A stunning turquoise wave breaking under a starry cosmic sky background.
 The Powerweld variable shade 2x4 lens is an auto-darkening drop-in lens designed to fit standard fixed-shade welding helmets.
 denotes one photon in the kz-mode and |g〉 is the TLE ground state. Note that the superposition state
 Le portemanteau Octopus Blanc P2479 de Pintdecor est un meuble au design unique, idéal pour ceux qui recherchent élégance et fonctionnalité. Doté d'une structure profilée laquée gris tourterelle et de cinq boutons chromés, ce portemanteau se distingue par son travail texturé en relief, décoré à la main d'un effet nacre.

********************

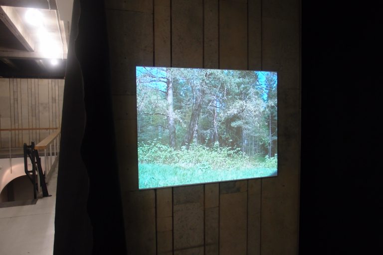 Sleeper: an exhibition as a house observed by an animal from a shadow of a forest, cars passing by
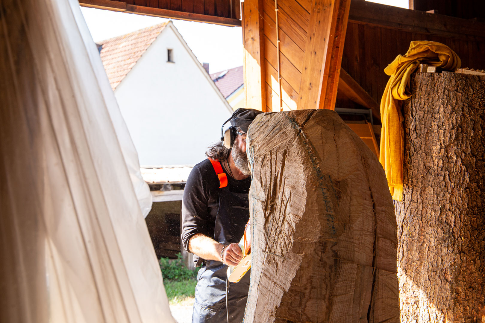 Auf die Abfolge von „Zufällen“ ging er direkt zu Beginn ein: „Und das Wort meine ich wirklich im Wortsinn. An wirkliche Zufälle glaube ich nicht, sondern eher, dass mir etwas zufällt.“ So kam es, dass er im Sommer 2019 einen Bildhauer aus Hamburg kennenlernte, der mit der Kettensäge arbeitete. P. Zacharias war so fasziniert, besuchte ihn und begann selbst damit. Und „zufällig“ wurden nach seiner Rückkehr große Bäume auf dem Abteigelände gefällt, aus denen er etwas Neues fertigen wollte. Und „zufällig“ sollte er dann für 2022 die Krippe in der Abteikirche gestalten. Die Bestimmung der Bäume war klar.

********************

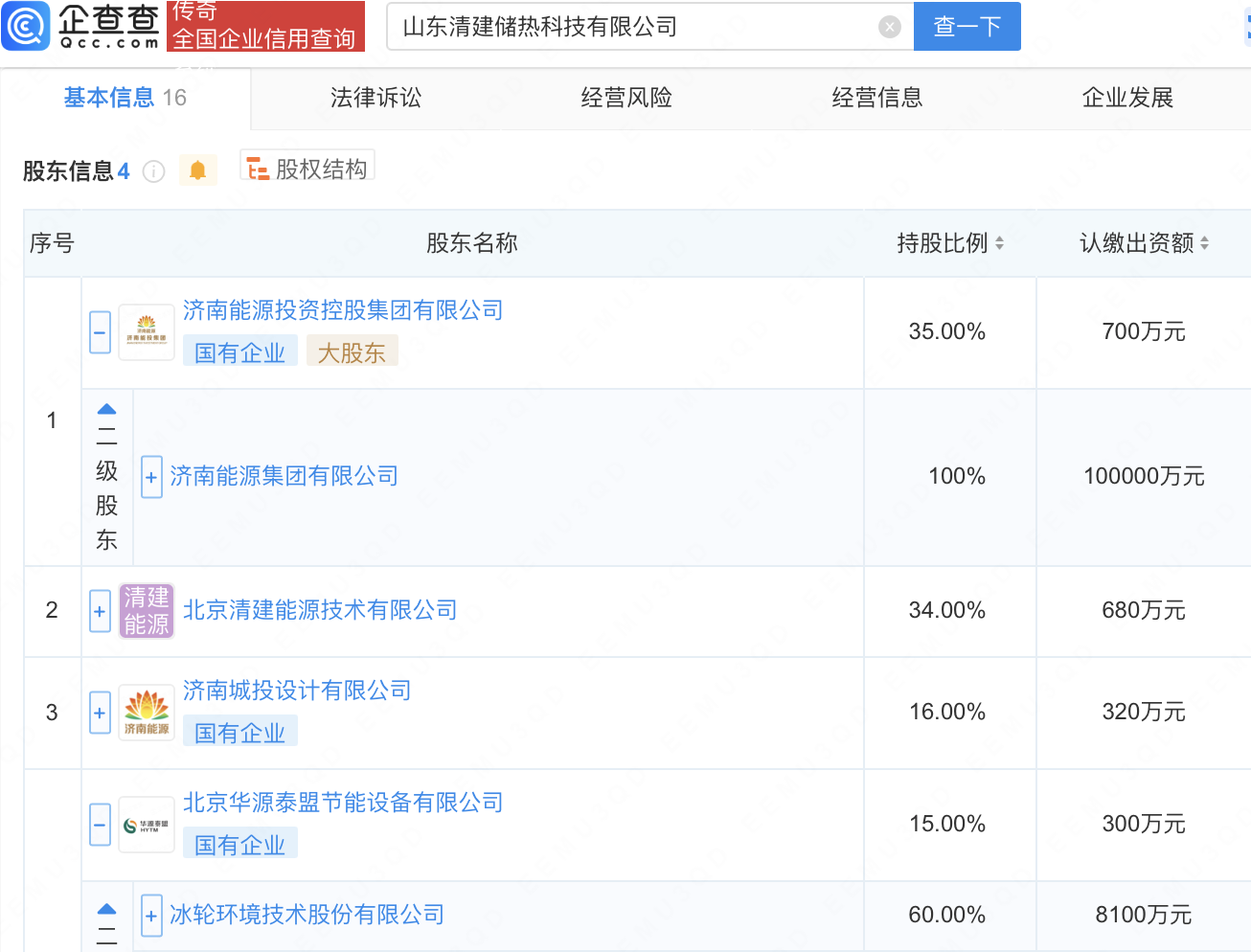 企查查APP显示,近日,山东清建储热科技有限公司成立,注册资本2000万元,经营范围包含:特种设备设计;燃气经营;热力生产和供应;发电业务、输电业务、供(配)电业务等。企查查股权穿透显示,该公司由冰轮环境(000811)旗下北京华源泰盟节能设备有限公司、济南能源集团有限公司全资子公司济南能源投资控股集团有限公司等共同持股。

********************

Exercise aim: From the data above, output only the lines between the line containing "A stunning turquoise" and the line containing "The Powerweld variable", inclusive, exactly as written.

Worked solution:
A stunning turquoise wave breaking under a starry cosmic sky background.
 The Powerweld variable shade 2x4 lens is an auto-darkening drop-in lens designed to fit standard fixed-shade welding helmets.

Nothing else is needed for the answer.